Exercise goal: In the entries below, find the line with "கடந்த ஆண்டு நடைபெற்ற" and the line with "XYZ 63.101,80.577,93.116 Color"; give again those lines and every line between them, exactly.

Records for this task:
▬▬▬▬▬▬▬▬▬▬
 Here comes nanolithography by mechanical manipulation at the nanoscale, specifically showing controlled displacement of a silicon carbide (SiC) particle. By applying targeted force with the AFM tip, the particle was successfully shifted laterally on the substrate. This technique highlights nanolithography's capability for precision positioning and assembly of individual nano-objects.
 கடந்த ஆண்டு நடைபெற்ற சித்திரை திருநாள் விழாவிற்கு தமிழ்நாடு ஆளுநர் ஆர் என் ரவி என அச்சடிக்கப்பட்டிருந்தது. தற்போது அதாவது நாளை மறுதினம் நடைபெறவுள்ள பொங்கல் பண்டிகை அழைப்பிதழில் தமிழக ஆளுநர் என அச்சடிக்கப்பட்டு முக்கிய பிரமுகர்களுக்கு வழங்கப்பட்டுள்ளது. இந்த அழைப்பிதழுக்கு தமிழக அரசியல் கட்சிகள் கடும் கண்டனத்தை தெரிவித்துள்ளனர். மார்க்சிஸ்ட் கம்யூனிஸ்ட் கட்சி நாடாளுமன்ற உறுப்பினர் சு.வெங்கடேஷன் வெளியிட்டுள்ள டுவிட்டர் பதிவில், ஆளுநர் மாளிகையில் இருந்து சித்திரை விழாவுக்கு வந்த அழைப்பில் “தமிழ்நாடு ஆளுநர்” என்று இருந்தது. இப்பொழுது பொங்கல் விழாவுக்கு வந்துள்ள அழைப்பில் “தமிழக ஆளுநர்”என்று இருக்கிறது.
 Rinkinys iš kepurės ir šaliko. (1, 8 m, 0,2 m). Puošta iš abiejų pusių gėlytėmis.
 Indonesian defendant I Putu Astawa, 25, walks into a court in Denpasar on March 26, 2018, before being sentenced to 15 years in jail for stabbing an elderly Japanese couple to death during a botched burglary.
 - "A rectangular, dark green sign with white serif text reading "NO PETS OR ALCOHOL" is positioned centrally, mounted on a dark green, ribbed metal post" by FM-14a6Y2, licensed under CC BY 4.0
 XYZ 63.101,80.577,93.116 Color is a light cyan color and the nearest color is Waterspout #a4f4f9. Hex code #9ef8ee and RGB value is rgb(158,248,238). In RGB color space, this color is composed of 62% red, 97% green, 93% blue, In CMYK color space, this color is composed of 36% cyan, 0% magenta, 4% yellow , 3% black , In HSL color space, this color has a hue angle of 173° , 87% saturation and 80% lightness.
▬▬▬▬▬▬▬▬▬▬
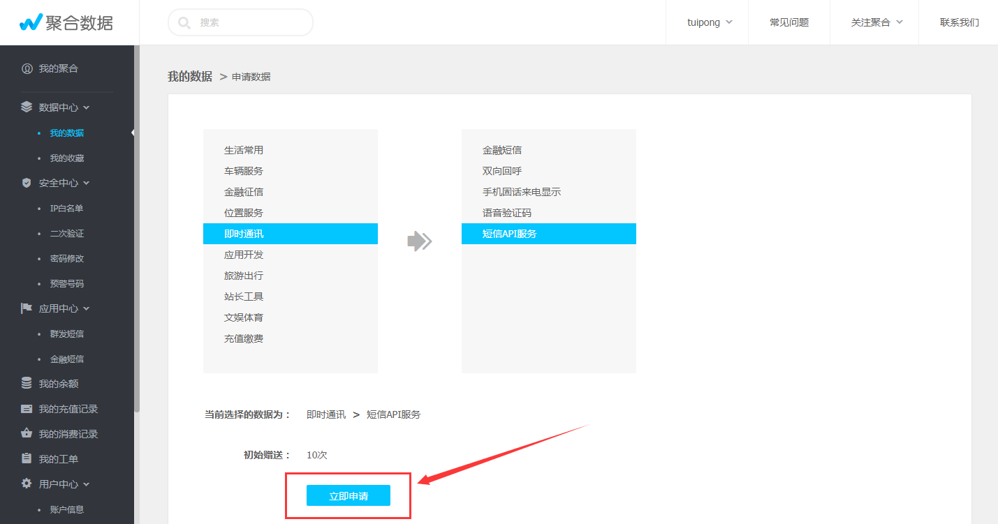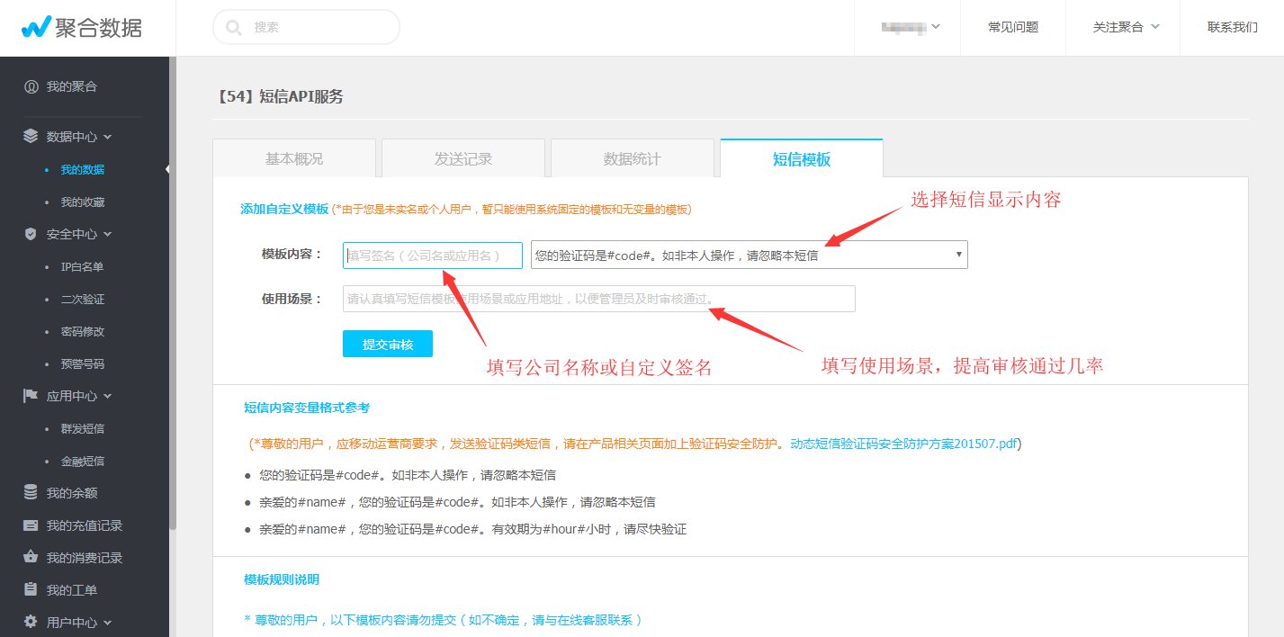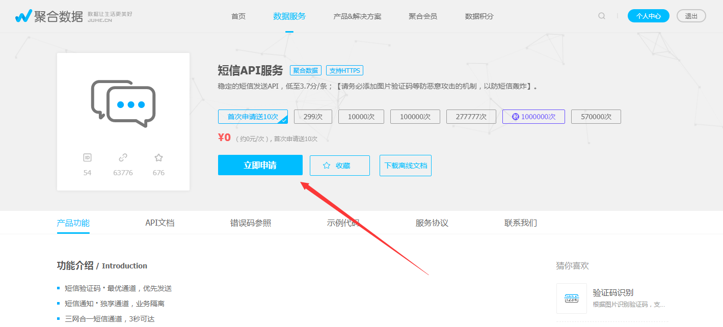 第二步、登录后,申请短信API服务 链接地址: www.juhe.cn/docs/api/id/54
▬▬▬▬▬▬▬▬▬▬
Output for this task:
 கடந்த ஆண்டு நடைபெற்ற சித்திரை திருநாள் விழாவிற்கு தமிழ்நாடு ஆளுநர் ஆர் என் ரவி என அச்சடிக்கப்பட்டிருந்தது. தற்போது அதாவது நாளை மறுதினம் நடைபெறவுள்ள பொங்கல் பண்டிகை அழைப்பிதழில் தமிழக ஆளுநர் என அச்சடிக்கப்பட்டு முக்கிய பிரமுகர்களுக்கு வழங்கப்பட்டுள்ளது. இந்த அழைப்பிதழுக்கு தமிழக அரசியல் கட்சிகள் கடும் கண்டனத்தை தெரிவித்துள்ளனர். மார்க்சிஸ்ட் கம்யூனிஸ்ட் கட்சி நாடாளுமன்ற உறுப்பினர் சு.வெங்கடேஷன் வெளியிட்டுள்ள டுவிட்டர் பதிவில், ஆளுநர் மாளிகையில் இருந்து சித்திரை விழாவுக்கு வந்த அழைப்பில் “தமிழ்நாடு ஆளுநர்” என்று இருந்தது. இப்பொழுது பொங்கல் விழாவுக்கு வந்துள்ள அழைப்பில் “தமிழக ஆளுநர்”என்று இருக்கிறது.
 Rinkinys iš kepurės ir šaliko. (1, 8 m, 0,2 m). Puošta iš abiejų pusių gėlytėmis.
 Indonesian defendant I Putu Astawa, 25, walks into a court in Denpasar on March 26, 2018, before being sentenced to 15 years in jail for stabbing an elderly Japanese couple to death during a botched burglary.
 - "A rectangular, dark green sign with white serif text reading "NO PETS OR ALCOHOL" is positioned centrally, mounted on a dark green, ribbed metal post" by FM-14a6Y2, licensed under CC BY 4.0
 XYZ 63.101,80.577,93.116 Color is a light cyan color and the nearest color is Waterspout #a4f4f9. Hex code #9ef8ee and RGB value is rgb(158,248,238). In RGB color space, this color is composed of 62% red, 97% green, 93% blue, In CMYK color space, this color is composed of 36% cyan, 0% magenta, 4% yellow , 3% black , In HSL color space, this color has a hue angle of 173° , 87% saturation and 80% lightness.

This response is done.